Opinion: LPS’s new bond issue won’t have any issues of its own

Source%3A+KOLN

Source: KOLN

Jen Quach, Editor in Chief

On Dec. 10, 2019, the Lincoln Public Schools (LPS) Board of Education issued a $290 million bond to address building needs throughout the LPS school district, asking voters to approve it in a special election on Feb. 11, 2020. However, there are various concerns about the consequences that come with this new plan, but many have already been addressed.
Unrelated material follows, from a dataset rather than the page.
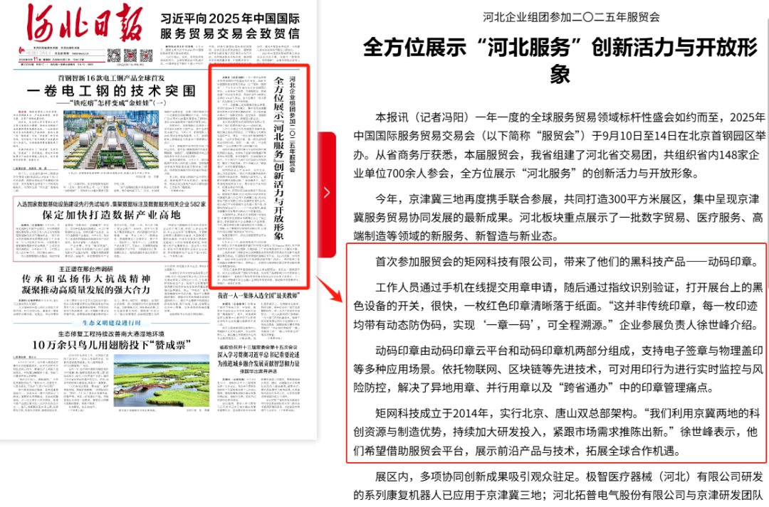 矩网科技携子公司动码印章作为印章管理领域的创新引领者,集中展示在智慧印章领域的前沿技术、最新应用场景和解决方案,获服贸会河北省交易团领导、河北日报媒体记者及众多展会观众的广泛关注,为行业嘉宾带来了一场印章管理数智化的全新体验。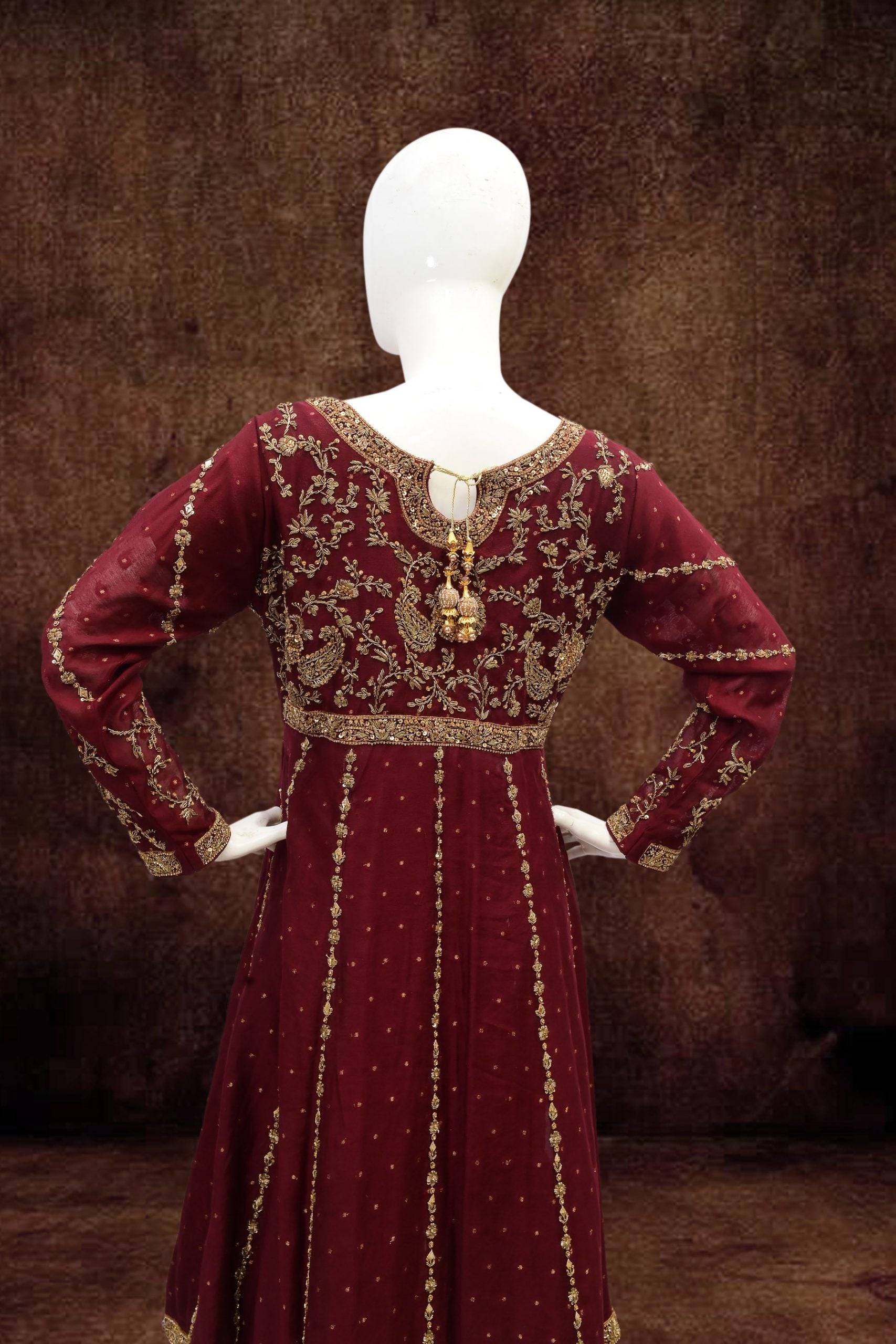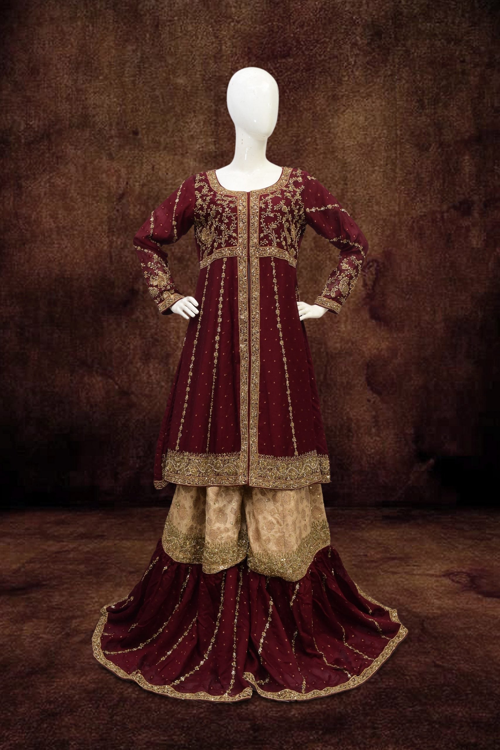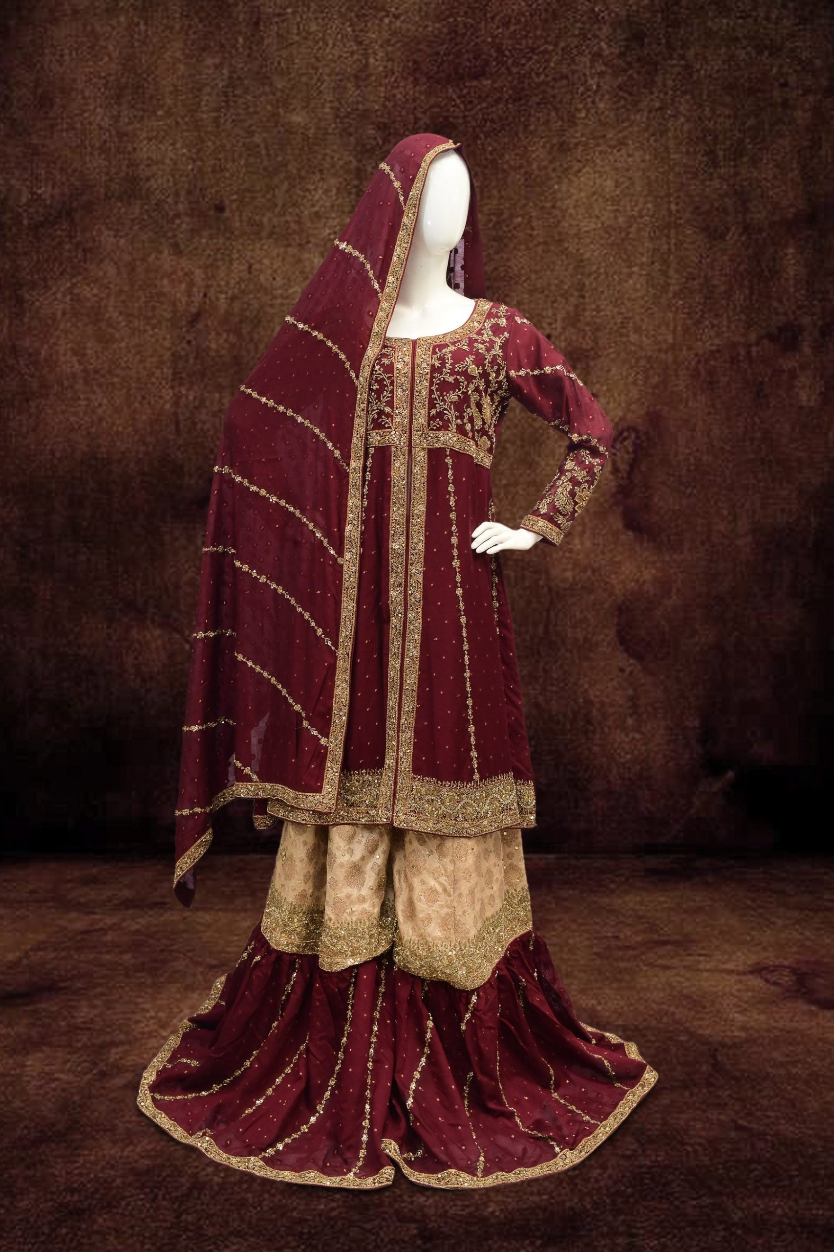 BQ-20: Elevate Your Wedding Couture with Maroon and Gold Elegance

This 10-year plan includes over $288 million in needs, including new schools and improvements to existing schools. These new schools would have core facilities similar to other schools and an initial capacity of 1,000 students, possibly holding up to 2,000 students in the future. The total cost of these new schools would be approximately $134 million, but it’s all for a good cause.

LPS’s infrastructure plan is focused on Lincoln’s need for higher high school capacity. With two new high schools to be built in the northwest and southeast regions, LPS hopes to alleviate the increasing student population and maintain a stable environment in the current high schools. Improvements for current infrastructure will include roof replacements and recapping, interior work, lighting upgrades, bleacher replacements, parking lot paving and improvements, playground equipment and surfacing, traffic flow improvements and site acquisition.

However, with this increase in school quality and capacity comes a financial burden, and this new bond issue raises some concerns on who it will fall on.

One potential problem is the monetary burden on LPS families. Last year, Omaha Public Schools (OPS), Bennington, Gretna, Elkhorn and Papillion-La Vista Community Schools all passed bond issues for building two new high schools, as well as renovating some old ones. However, the bond issues in those school districts, except Bennington, all required an increase in tax rates. However, LPS does not have to raise the tax rate because of its recently retired bond debt, which is a buyback of bonds recently sold.

“This is just a culmination of a lot of work,” Kathy Danek, a school board member, said. “We are touching every zip code in this city; keeping a [tax] levy that is static. That’s the most important part of this — it shows the long-term planning abilities of our district to take care of our needs.”

With this new bond issue, the district is providing an opportunity for current hardships in schools and academics to be addressed, and all at a low cost, too. With the upcoming election on this issue, the positive outcomes of this bond issue should be kept in mind when voters are making their decision.